6. Requisiti delega di funzione
Secondo l’art. 16 del D. Lgs. n. 81/2008 la delega di funzioni da parte del datore di lavoro, ove non espressamente esclusa, è ammessa con limiti e condizioni.
Con specifico riguardo alla dimensione aziendale le condizioni consigliate sono:
- azienda organizzativamente complessa o articolata (distanza fisica degli stabilimenti);
- azienda con maggior presenza di componenti tecnologiche nei processi produttivi (carenza di skill e competenze tecniche);
- azienda operante in contesti fortemente regolamentati che richiedono maggiori requisiti di compliance.

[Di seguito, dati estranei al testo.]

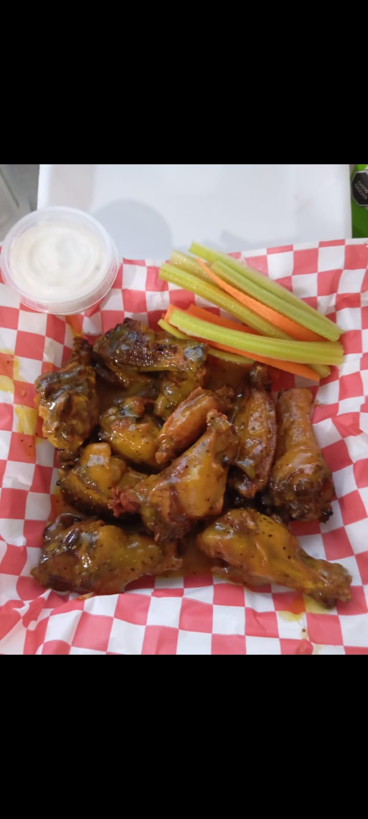 500 grms de alitas bañadas en tu salsa favorita con apio, zanahoria y aderezo ranch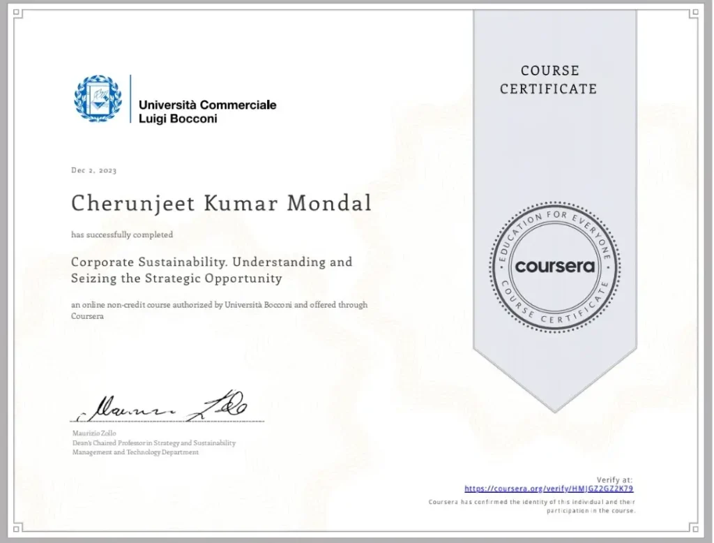 Corporate Sustainability – University of Bocconi, Italy (Oct–Dec 2023):

La scarsa complessità dell’organizzazione aziendale, al contrario, mal si concilia con una puntuale frammentazione del potere gestorio.
La dimensione aziendale è, così, da riferirsi all’ articolazione tecnico-funzionale-logistica dell’impresa.
La Cassazione con riferimento al settore edile ha chiarito che è consentito trasferire obblighi e compiti mediante atto scritto di delega solo qualora l’impresa operi con numerosi cantieri attivi dislocati in luoghi diversi (Cass. pen. sezione IV, n. 12800/2007; n. 8604/2008; n. 7709/2007; n. 39266/2011; n. 16452/2012). Conformemente alla Cassazione penale, sezione III, 12 aprile 2005, n. 26122 che sostenne, ai fini della legittimità della delega di funzioni in ambito prevenzionistico, che il trasferimento delle funzioni deve essere giustificato in base alle esigenze organizzative dell’impresa non essendo necessario che si tratti di un’impresa di notevoli dimensioni potendo essere determinata dalle caratteristiche qualitative dell’organizzazione aziendale.
Secondo la Corte di Cassazione (sentenza del 14.09.1993 n. 8538) la delega di funzioni in materia ambientale è da ritenersi ammissibile solo allorquando le dimensioni dell’impresa sono tali da rendere impossibile il controllo dell’attività in capo ad una sola persona.
La delega deve risultare da atto scritto recante data certa. A tal fine si utilizza di norma la scrittura privata autenticata da notaio, sono ritenuti idonei, da alcuni, anche strumenti come la posta certificata o la c.d. marca temporale di difficile applicazione nella prassi.
Il delegato deve possedere tutti i requisiti di professionalità ed esperienza richiesti dalle funzioni delegate.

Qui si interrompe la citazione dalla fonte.